The tools for the actors are their punctually created movements and the mute but even more expressive articulation of the text. People feel that the sounds given by the singers would become the acoustic masks (“roles”?) of the moving characters. That is why the sentences, which the actors tell in prose on their own voices, become so strong: through these the real personalities losing their masks can “be sounded” from time to time. (It is very characteristic that Balázs Dévai, who plays the Village and tends to do the killing, confesses his love to Nóra Parti, who plays the Virtue, and gets naked physically. It is even more painful when turns out that it is only a cheat, so that the audience can find out the appearing real feelings of future fulfiller.)

The fact that the actors and singers tell the text as others’ mirror images – we do not know for sure who are the leaders – gives us the opportunity for a real new interpretation: between the two opponent groups music is like a mediator (for the same sounding the characters are connected in pairs): and the appearance, the vision can cheat us, as the white and black figures, at least, acoustically are mixed. This mixture is widened as the director gives the role of Archibald, of the Master of Ceremonies to himself: he tells leanly the instructions into a microphone to the players, while he is sitting there between us in his ordinary clothes. His presence with his pure voice connects him to the acoustic part, but to the players too, but his appearance makes him similar to us: his figure has double meaning, (mediator and shaman) with his help the stage and the auditorium can form a world together (in a circular area where the players and viewers can melt into each other on the level of vision too).

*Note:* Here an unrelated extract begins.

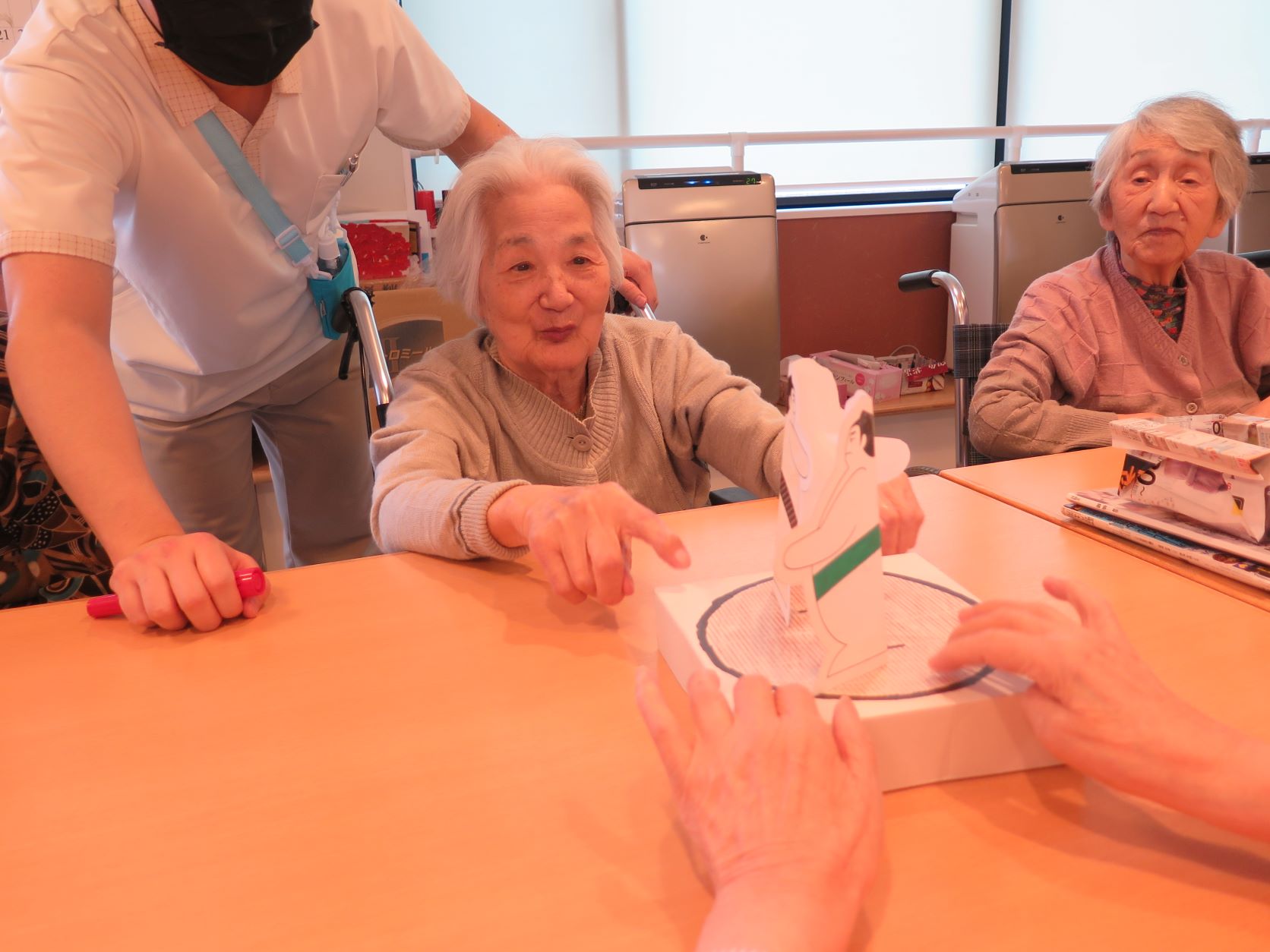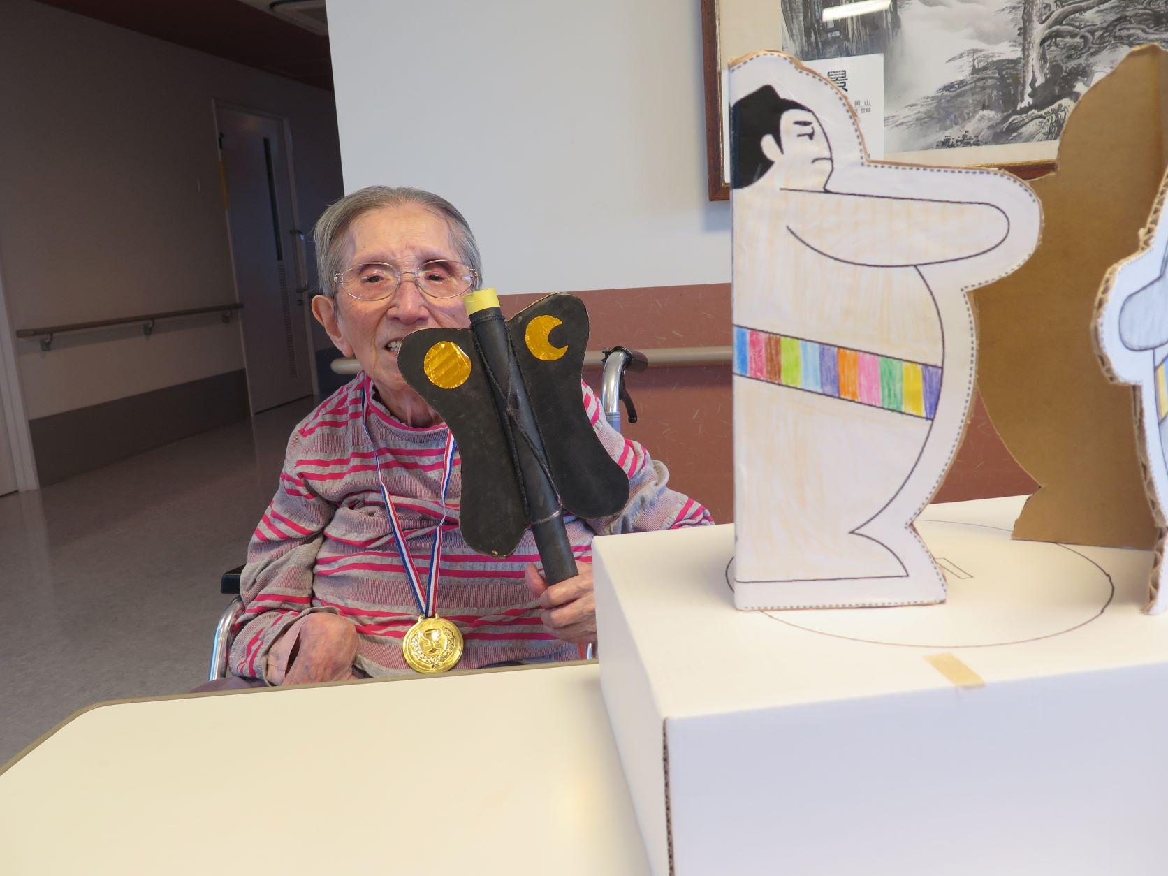 そして、待ちに待った紙相撲大会ではトーナメント戦で行い、見事に優勝されたご利用者にはメダルの贈呈を行いました。優勝された方も惜しくも敗れてしまった方も「また、やりたい!」との言葉もあり、賑やかな雰囲気の中で紙相撲大会を終えることが出来ました。

Balázs merges the role of the sacrificing and victim which is a braver action than it is, so he gives meaning to the mixture on the level of the dramaturgy too: Hermina Fátyol and Artúr Kálid are changing the roles of the city of Saint Nazare and the role of Diuf, and their positions in the area. In the middle of the arena, on the top of the box of the victim we can see the girl for a long time, while the man is going around on the highest floor of the amphitheatre, above us. Then at the peak of the performance, during the rite of the victim, we can see Artúr Kálid in the middle, he is dancing like a female victim dressed in red (his dancing, movements, red dress quote the bullfighter and the bull at the same time), than the girl in concerto is rising up into the air and looks down to us from the point of view of the gods. Sándor Weöres’ lines from the Third symphony come into my mind: “You are the hunter and you are the wild one...”.

There we can understand that Balázs thinks over and makes universal Genet’s message: in the two scales of the balance there are not the whites and the blacks, the oppressors and the oppressed – the performance (as in the case of the director’s earlier work, in the Theomachia) reveals the manipulation which keeps itself by tricky takeovers, which laugh behind the empty duality of our days. They are measured and found to be too light according to the scale, from the point of view of the divine optic. And we are measured too: “you are all pink”, said Diuf, Hermina Fátyol on her naïve, childish voice in the clothes of a nun. Another question again: what is going to remain at the end of the two hours long insanity of virtualities that put out each other. Who are going to remain?

The running pair of the more than two hours long performance, the teenager Village and the Virtue have reached their destination, above the victim they push their foreheads to one another and confess pantingly their love to each other. The blonde girl and the Gypsy boy. Maybe they will step out of the constant whirl of the mix(tures). They give meaning to the mirrors too.